### SUPPLIED DATA
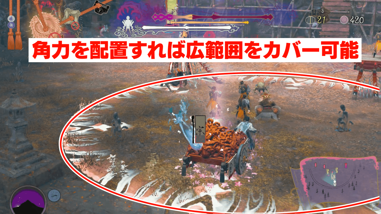 中原之大桜では、マップ全域に落下してくる穢れから敵が出現してくるため、火縄と角力を世代の周りに配置しよう。落下してきた穢れを即座に壊せば敵が出現しないが、村人は6人しかいないため、全域をカバーできない。火力が高い火縄5人と、範囲攻撃可能な角力1人で守る戦法がおすすめだ。
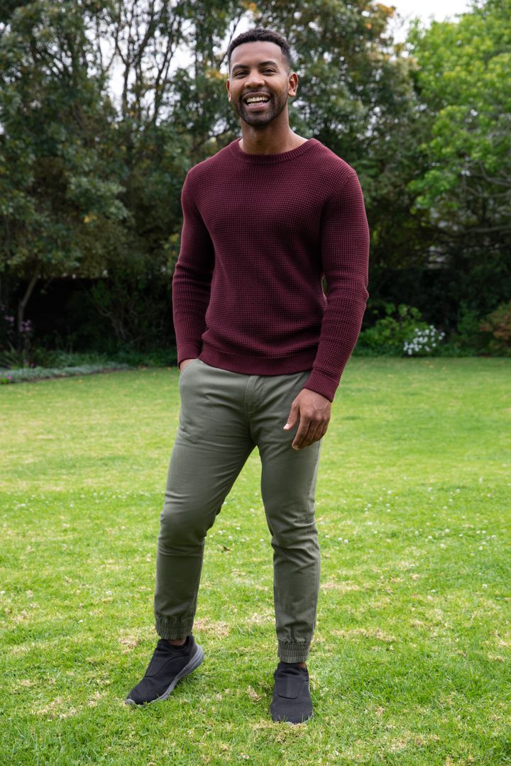 Young African American man stands confidently on well-kept lawn, surrounded by lush greenery. Dressed in comfortable maroon sweater, olive joggers, and black slip-on shoes, person embodies casual, laid-back lifestyle. Ideal for use in fashion, outdoor leisure, or wellness-related materials.
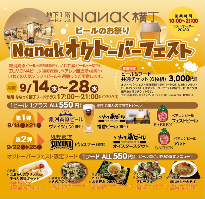 ななっくさんから、ビールのお祭り『Nanakオクトーバーフェスト』のご案内です。
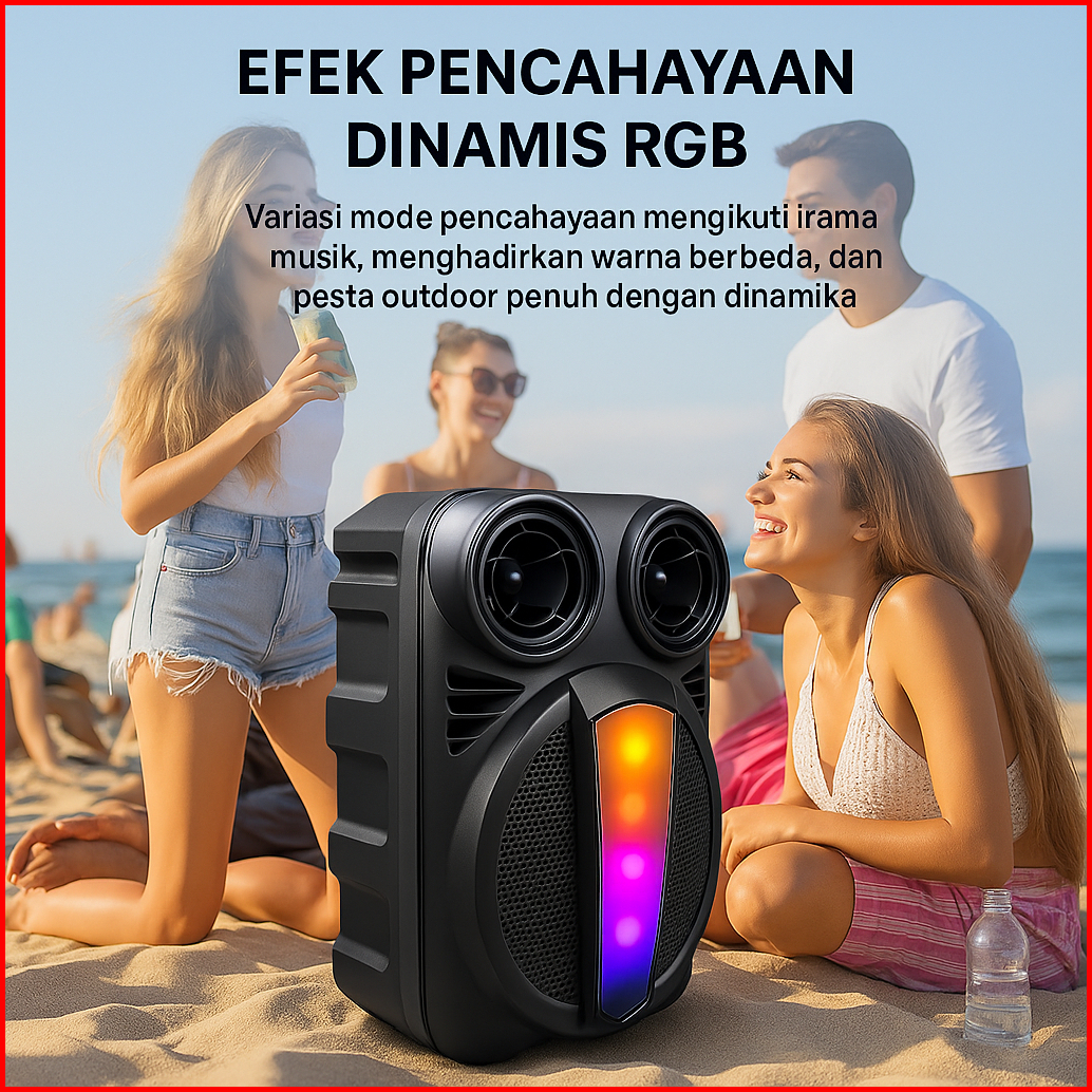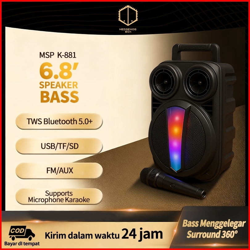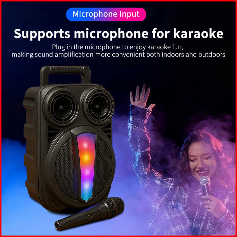 Speaker Bluetooth 6.8 Inch Full Bass 360 Surround Sound Lampu Warna Rgb Portable Karaoke Free Mic
######
Write out the whole listing exactly. Pictures stay out.

**PROBLEM SOLUTION:**
 中原之大桜では、マップ全域に落下してくる穢れから敵が出現してくるため、火縄と角力を世代の周りに配置しよう。落下してきた穢れを即座に壊せば敵が出現しないが、村人は6人しかいないため、全域をカバーできない。火力が高い火縄5人と、範囲攻撃可能な角力1人で守る戦法がおすすめだ。
 Young African American man stands confidently on well-kept lawn, surrounded by lush greenery. Dressed in comfortable maroon sweater, olive joggers, and black slip-on shoes, person embodies casual, laid-back lifestyle. Ideal for use in fashion, outdoor leisure, or wellness-related materials.
 ななっくさんから、ビールのお祭り『Nanakオクトーバーフェスト』のご案内です。
 Speaker Bluetooth 6.8 Inch Full Bass 360 Surround Sound Lampu Warna Rgb Portable Karaoke Free Mic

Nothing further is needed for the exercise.